The interface of the Ascon core is similar to GMU's crypto core interface (Figure 5.1) that was often used during the NIST standardization for lightweight authenticated encryption. The following changes to the GMU crypto core interface were made:

  • Removed signals:
    • bdi_valid_bytes, bdi_pad_loc, bdi_size
    • fdi_ready, fdi_valid, fdi_data
    • fdo_ready, fdo_valid, fdo_data
    • bdo_valid_bytes, end_of_block, key_update
  • Renamed signals:
    • decrypt_in -> decrypt
    • hash_in -> hash
    • msg_auth, msg_auth_valid, msg_auth_ready -> auth, auth_valid, auth_ready

The resulting (simplified) interface of the Ascon core is shown here:

Ascon Core Interface

The following table contains a description of the interface signals:

Name Description
clk Clock signal.
rst Reset signal. Note: Synchronous active high.
key Key data input.
key_valid Key data is valid.
key_ready Ascon core is ready to receive a new key.
bdi_data Block data input (BDI).
bdi_valid BDI data is valid.
bdi_ready Ascon core is ready to receive data.
bdi_eot The current BDI block is the last block of its type.
bdi_eoi The current BDI block is the last block of input other than the tag segment.
bdi_type Type of BDI data. See rtl/config_core.sv.
decrypt 0=Encryption, 1=Decryption.
hash 0=Encryption/Decryption, 1=Hash.
bdo_data Block data output (BDO).
bdo_valid BDO data is valid.
bdo_ready Test bench is ready to receive data.
bdo_type Type of BDO data. See rtl/config_core.sv.
auth 1=Authentication success, 0=Authentication failure.
auth_valid Authentication output is valid.
auth_ready Test bench is ready to accept authentication result.

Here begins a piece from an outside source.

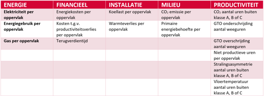 Kies je voor de weergave radar dan krijg je een overzicht van de scores op de 5 hoofdstukken: Installatie, Productiviteit, Financieel, Milieu en Energie.
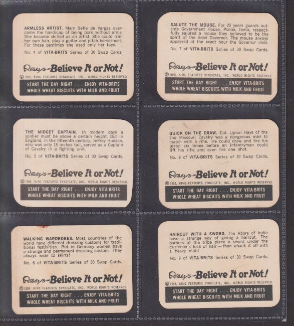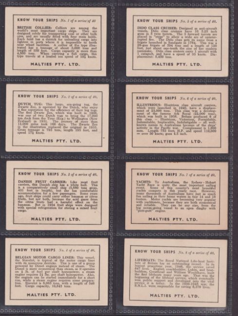 Trade cards, Australia, 3 sets Vita Brits Bushland Wonders, Vita Brits Ripley's Believe it or not (with special album), Malties Know your Ships (gen gd a few with light staining)

You can have a look at rtl/tb.sv for an example of how the Ascon core interface can be used.

Quick Start

  • Install the Icarus Verilog (iverilog) open-source verilog simulator:
    • See https://steveicarus.github.io/iverilog/usage/installation.html.
    • Tested with version 12.0 and flags -g2005-sv, -g2009, and -g2012.
  • Execute verilog test bench:
    • make
    • Runs rtl/tb.sv using the v1 variant of the Ascon core and tv/tv.txt as input.
    • For other variants use make v2 etc..
  • Execute verilog test bench and show resulting wave forms:
    • make wave
    • Same as make but also opens the resulting tb.vcd in GTKWave.
    • For other variants use make v2_wave etc..

Automatic Generation and Execution of Test Vectors

  • python run_tb.py -s
    • Generate a new tv/tv.txt, run rtl/tb.sv using v1 of the Ascon core, and compare output to the Ascon software implementation in ascon.py.
    • For other variants add -v 2 etc..
  • python run_tb.py -w
    • Same as python run_tb.py -s except the entire process is repeated for many inputs with different lengths.
    • For other variants add -v 2 etc..

Contact

  • Rishub Nagpal (rishub.nagpal 'at' iaik.tugraz.at)

Acknowledgements

The interface of the Ascon core is inspired by the LWC Hardware API Development Package that was mainly developed by the Cryptographic Engineering Research Group at George Mason University (GMU).